LangChain is an open-source framework created to aid the development of applications leveraging the power of large language models (LLMs). It can be used for chatbots, text summarisation, data generation, code understanding, question answering, evaluation, and more. Helicone, on the other hand, is an open-source observability platform for tracking costs, usage, and latency for LLM-powered applications. It proxies OpenAI traffic (for now, other LLM providers in the future), and provides key usage metrics and insights.

Source: python.langchain.com

Helicone tracks and displays the usage, latency, and costs of your LLM requests. It is easy to integrate with, and can visualize metrics by requests, users, and models.
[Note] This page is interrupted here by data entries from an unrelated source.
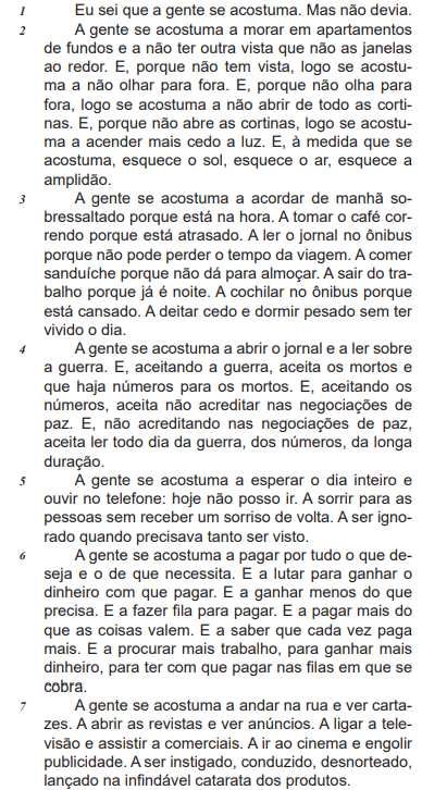 Considere a seguinte passagem do texto: “Eu sei que a gente se acostuma. Mas não devia.” (parágrafo 1) Na opinião da autora, as várias situações apresentadas ao longo do texto têm como consequência o fato de o ser humano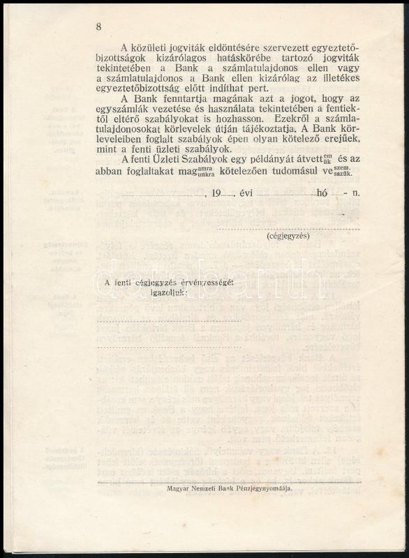 Beschreibung: 1949 A Magyar Nemzeti Bank folyószámla üzlet üzletszabályzata 8p.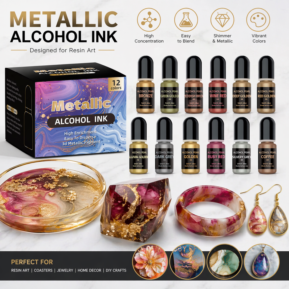 Tinta de Alcohol Metálica, Pigmento Líquido Brillante para Arte en Resina Epoxi, Colorante de Alta Concentración para Manualidades, Pintura, Arte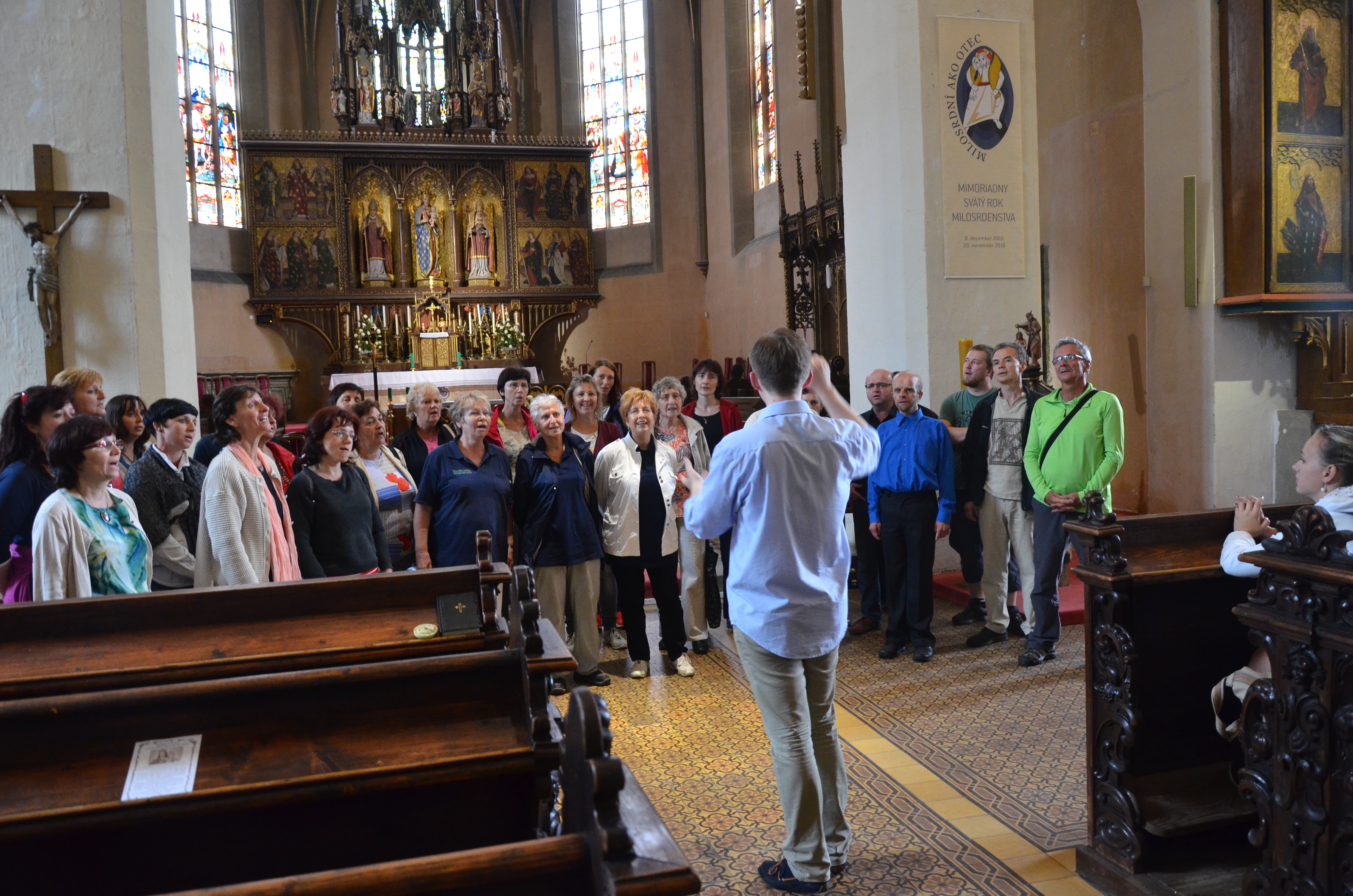V pátek 1.7.2016 jsme časně ráno vyjeli autobusem směrem k našim východním sousedům a první větší zastávku během dlouhé cesty věnovali prohlídce centra starobylé Levoče a především chrámu sv.Jakuba s překrásným oltářem Majstra Pavla z Levoče. Samozřejmě, že jsme si nenechali ujít příležitost zazpívat si v posvátných prostorách s tak úžasnou akustikou…
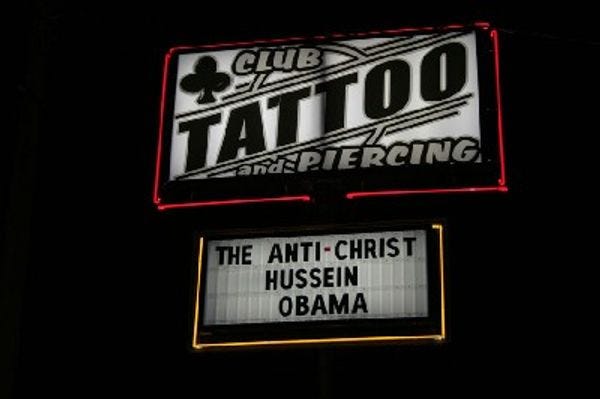 The history of American Tattoos: 1) Poor greasers and sailors and bikers and gang-bangers get tattoos. 2) "Edgy" fad spreads to various musical subcultures, mostly rockabilly and punk. 3) 1990s grunge era seduces even elitist college kids into getting inked. 4) Trickle-down tattoo economics means every single white-trash person now has several ugly tattoos on their fat legs (for gals) and necks (for the gents). 5) Every low-rent strip mall has a tattoo shop next to the payday loan place. 6) Arkansas tattoo parlor proudly aligns with right-wing jesus-freak racists. [ Arkansas Times Blog ]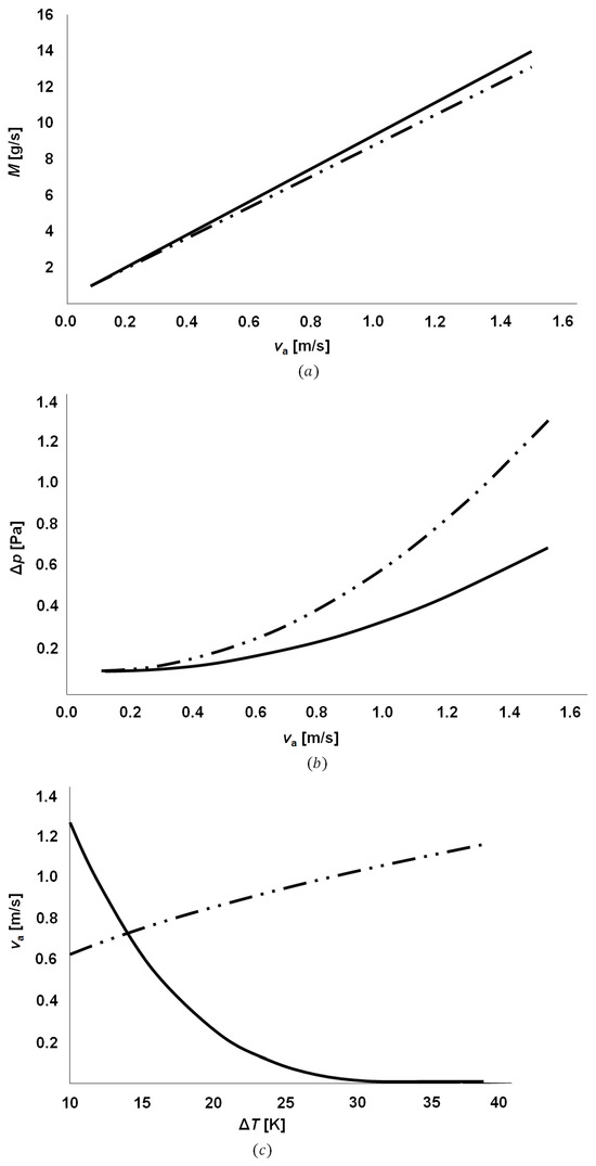 To further investigate, the simulation results were compared with the model, Equations (1)–(3), and shown in Figure 3. In Figure 3, the dashed line represents the analytical results, while the bold line represents the results obtained numerically in the ANSYS software for (a) the mass flow rate of the air within the tower, (b) the pressure difference, and (c) the speed of the air. The mass flow rates obtained analytically and numerically have approximately the same slopes, which implies that the ANSYS simulation approximates the real event well. Figure 3b shows that the simulated pressure difference also has the same physical dependence as the model. However, as the simulation in Figure 2b illustrates, the pressure difference is much less than what is required (dashed line) to establish spontaneous flow. The increase in temperature difference would usually increase the pressure difference, and the particles would accelerate as shown in Figure 3c with the dashed line. However, the small geometry causes high-energy particles to interact with boundaries more frequently, hindering upward drafts (Figure 3c, bold line).

It also helps you understand latency variations and rate limits, and bill users accurately according to their API usage.

Helicone runs on Cloudflare, and uses Workers for low latency and efficient web traffic routing globally. Helicone also uses Cloudflare cache control to ensure fast cache hits, if configured. Because Helicone is open-source, you can deploy the proxy workers in your own environment, or use the Helicone cloud solution. The steps to self-host Helicone are covered here; I'll use the cloud option for this guide.

Here's an excerpt from the streamlit_app.py file - you can find the complete source code on GitHub.

import streamlit as st
from langchain_openai import OpenAI

# Streamlit app
st.subheader('LLM Observability with Helicone')
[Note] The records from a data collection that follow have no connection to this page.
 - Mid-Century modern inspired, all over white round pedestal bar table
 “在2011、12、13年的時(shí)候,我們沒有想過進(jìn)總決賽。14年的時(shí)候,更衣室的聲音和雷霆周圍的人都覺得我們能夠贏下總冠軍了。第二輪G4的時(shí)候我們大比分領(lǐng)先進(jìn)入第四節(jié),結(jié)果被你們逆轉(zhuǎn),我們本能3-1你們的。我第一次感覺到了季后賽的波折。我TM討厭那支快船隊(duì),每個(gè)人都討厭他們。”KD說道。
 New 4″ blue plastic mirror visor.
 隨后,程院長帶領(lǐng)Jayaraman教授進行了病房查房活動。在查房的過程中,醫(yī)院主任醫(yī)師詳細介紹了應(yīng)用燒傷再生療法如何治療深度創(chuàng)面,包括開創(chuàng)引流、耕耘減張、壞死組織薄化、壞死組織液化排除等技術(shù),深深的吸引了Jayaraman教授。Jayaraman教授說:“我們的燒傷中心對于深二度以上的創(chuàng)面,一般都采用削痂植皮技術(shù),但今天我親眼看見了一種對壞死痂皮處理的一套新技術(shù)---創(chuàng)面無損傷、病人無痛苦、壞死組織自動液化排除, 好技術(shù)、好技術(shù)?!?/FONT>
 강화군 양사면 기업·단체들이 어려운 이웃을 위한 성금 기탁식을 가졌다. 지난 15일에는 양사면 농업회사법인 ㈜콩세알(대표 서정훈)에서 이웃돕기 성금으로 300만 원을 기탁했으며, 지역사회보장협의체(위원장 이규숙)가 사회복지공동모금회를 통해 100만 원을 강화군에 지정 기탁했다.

# Get OpenAI API key, Helicone API key, and user query
with st.sidebar:
    openai_api_key = st.text_input("OpenAI API Key", type="password")
    helicone_api_key = st.text_input("Helicone API Key", type="password")
user_query = st.text_input("Your Query")

# If the 'Submit' button is clicked
if st.button("Submit"):
    # Validate inputs
    if not openai_api_key.strip() or not helicone_api_key.strip() or not user_query.strip():
        st.error(f"Please provide the missing fields.")
    else:
        try:
            with st.spinner('Please wait...'):
                # Initialize OpenAI model with Helicone integration
                llm = OpenAI(
                  temperature=0.9, 
                  openai_api_key=openai_api_key, 
                  base_url="https://oai.hconeai.com/v1",
                  default_headers={
                    "Helicone-Auth": f"Bearer {helicone_api_key}",
                    "Helicone-Cache-Enabled": "true"
                  }
                )
                
                # Run user query and display response
                st.success(llm(user_query))
        except Exception as e:
            st.error(f"An error occurred: {e}")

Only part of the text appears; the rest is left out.